Schématisation très simplifiée des mécanismes de gouvernances
Dans l’étau des systèmes invisibles
Car l’étau se resserre petit à petit, laissant les citoyens gesticuler sur les conséquences de tout ce barnum ne pouvant critiquer des systèmes qui ne sont pas nommés, qui restent invisibles pour la majorité. Nommer le problème, c’est se donner l’occasion de trouver une solution.
« Qui connaît son ennemi comme il se connaît, en cent combats ne sera point défait. Qui se connaît mais ne connaît pas l’ennemi sera victorieux une fois sur deux.

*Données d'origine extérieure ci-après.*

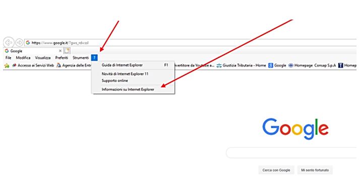 Per verificare la versione utilizzata del proprio browser è possibile consultare la voce "Informazioni su …" presente nel menù "Aiuto" o “?”
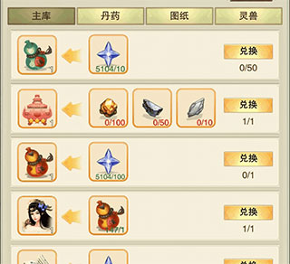 4、道童居道童宝库兑换灵草及玄铁时,长按兑换按钮可手动输入兑换数量。
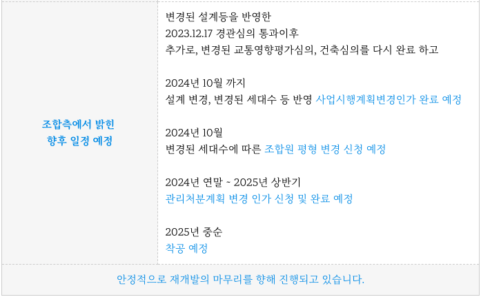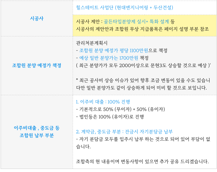 - 조합원 자기 분담금 100% 입주시 납부, 이주비대출 100%, 골든타임분양 등
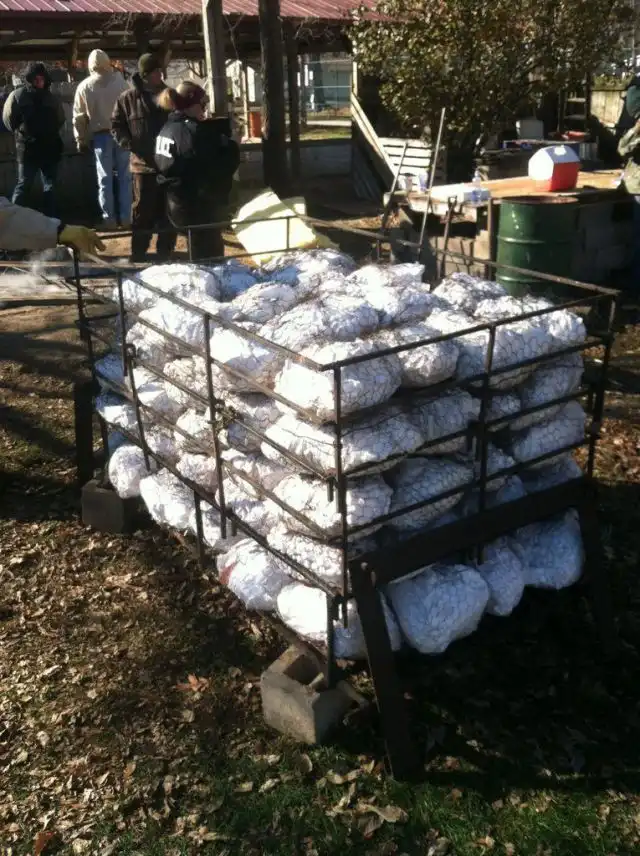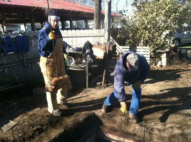 Каждый год эта семья предлагает соседям и знакомым бесплатно приготовить индейку и ветчину в подземной яме, время приготовления 23 часа. Они готовят сотни индюшек на день Благодарения, Рождество и Пасху. Вот несколько фотографий этого процесса.
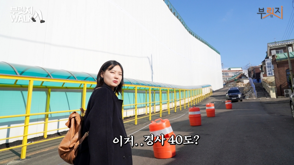 4구역 단지와 5구역 단지의 가장 큰 차이점을 보여드리려고 단지 뒤쪽으로 걸어가고 있습니다. 그런데 지금 생각보다 경사가 너무 심해서 조금 당황스럽습니다. 단지 내부는 평탄화 작업을 진행할지 모르겠지만 앞에 있는 언덕길까지 정리가 될 지는 잘 모르겠어요.
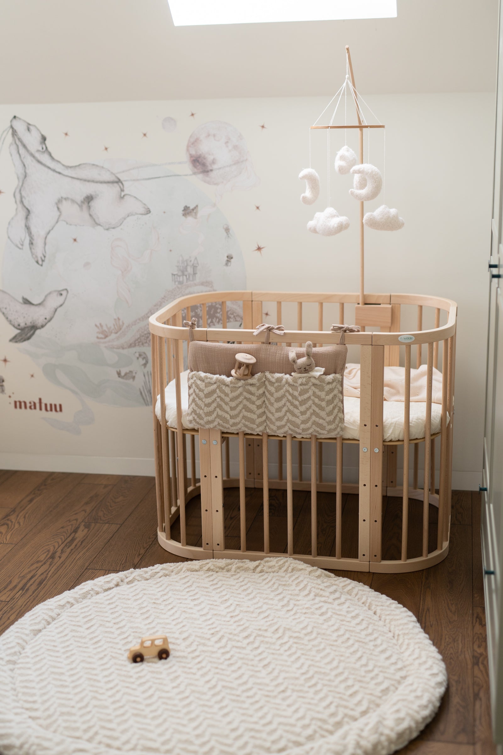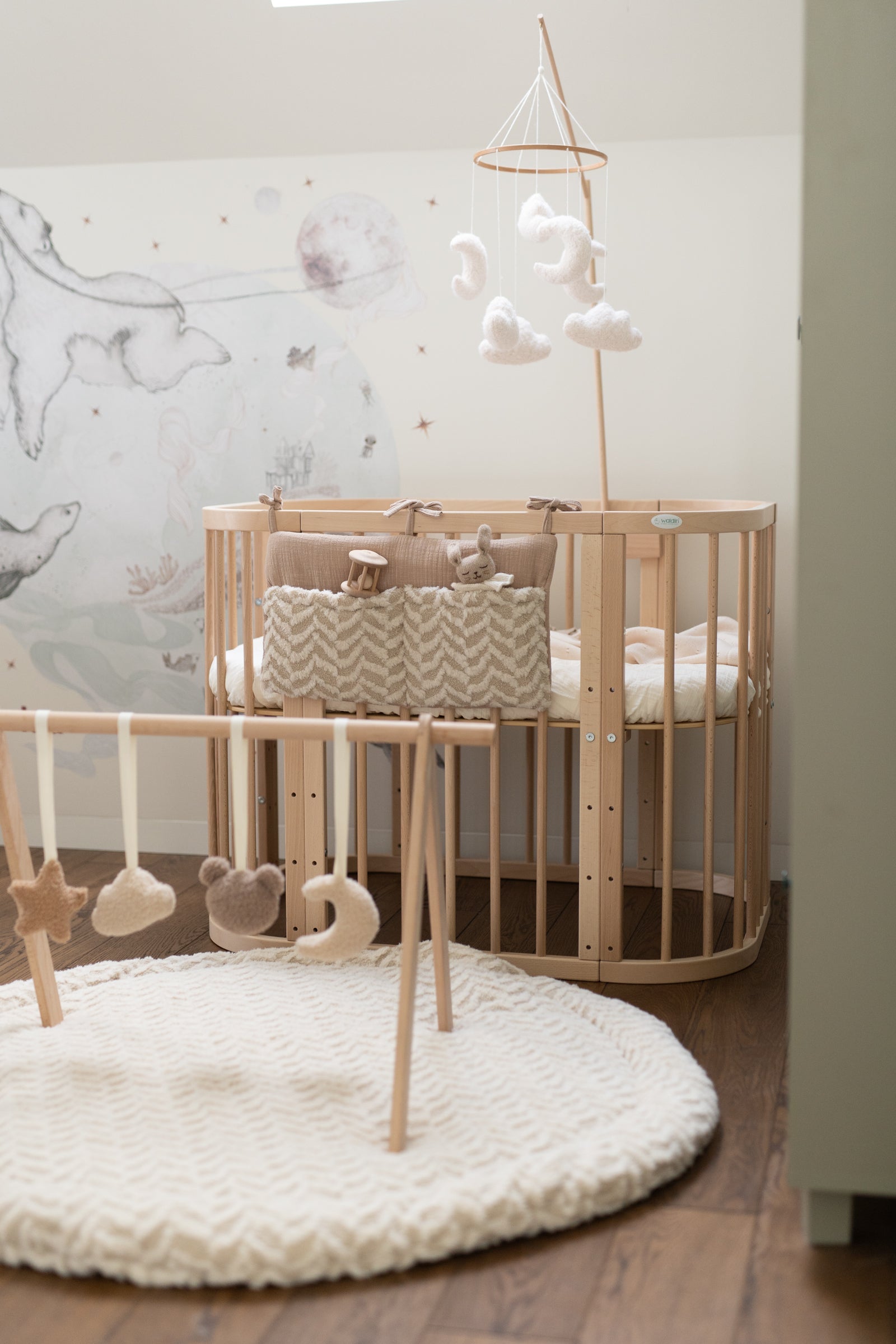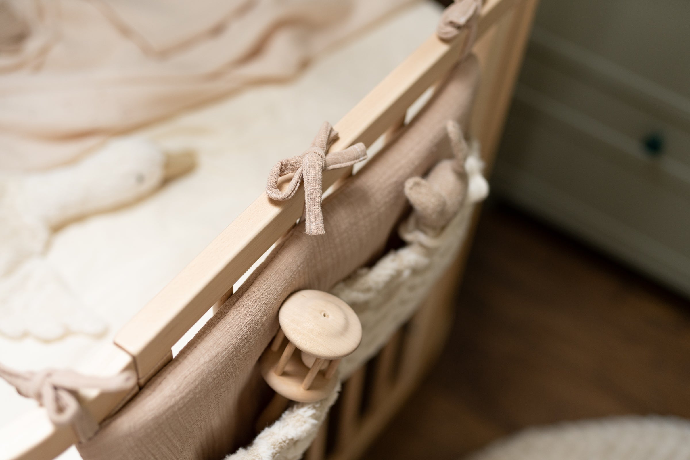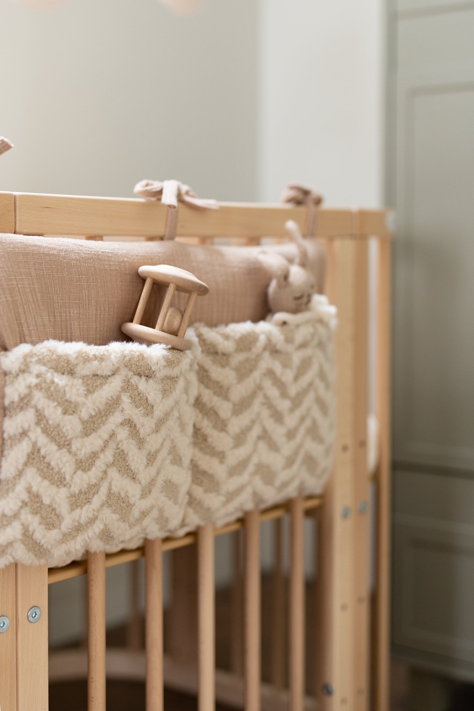 Keep all the baby essentials close at hand with our soft and stylish crib organizer in creamy herringbone. The upper part is made from breathable muslin cotton, while the textured teddy pockets offer a cozy, tactile feel – perfect for storing pacifiers, rattles, cuddly toys and more. Easy to attach to any crib or playpen with three tie straps. Handmade with care in Amsterdam for practical beauty in every detail. A charming mix of texture and calm tones – designed to blend beautifully with modern nurseries and wooden furniture. Product features Size: 50 x 32 cm Top: 100% muslin cotton Pockets: soft teddy fabric (polyester blend) Washing: machine washable at 40°C Handmade in the Netherlands Preparation time: 2–3 business days Custom sizes available – just send us a message!

Que dire de ceux qui ne se connaissent pas plus que leurs ennemis ? » Sun Tzu, « L’art de la guerre ».
Si l’on fait la synthèse de ce qui a été dit auparavant, on est d’un côté soumis à un mode de gouvernance qui ment sur sa nature et donc ne peut être décrit pour ce qu’il est mais par ce qu’il semble être et de l’autre nous avons un deuxième système qui conditionne autant les vies et qui n’est pas nommé. C’est ce qu’on nomme un étau intellectuel, c’est lorsqu’il est impossible de définir plusieurs choses auxquelles on est soumis et contraints et que cette impossibilité de définition correct, empêche les gens de penser la chose et donc d’y trouver une solution. Ils ne peuvent pas penser les choses qu’ils ne peuvent pas définir. Dans ce cadre, la seule possibilité est de se faire broyer inlassablement de part et d’autre par des forces contraignantes qui nous semblent insurmontables. En effet, comment lutter contre un ennemi inconnu, contre un fantôme, à part en s’agitant dans un vide de désespoir.
Pour terminer ce pamphlet de comptoir, on dirait que cet étau est mû par des forces qui semblent agir de concert, mais qu’un jour peut-être, la fête pourrait se terminer. Définir ces forces, les nommer, c’est un premier pas vers des réflexions visant à de véritables solutions, elles-mêmes menant à des actes concrets. S’attaquer aux causes des problèmes et non aux conséquences est primordial à cette époque. L’aristocratie élective, la ploutocratie managériale, la doctrine néolibérale, sont des piliers conceptuels que des êtres humains ont bâtis, ils ne sont pas immuables et n’émanent pas de la volonté divine. Peut-être ont-il besoin d’être secoués par de nouveaux concepts qui rendront ces anciennes conceptions idéologiques dépassées, obsolètes.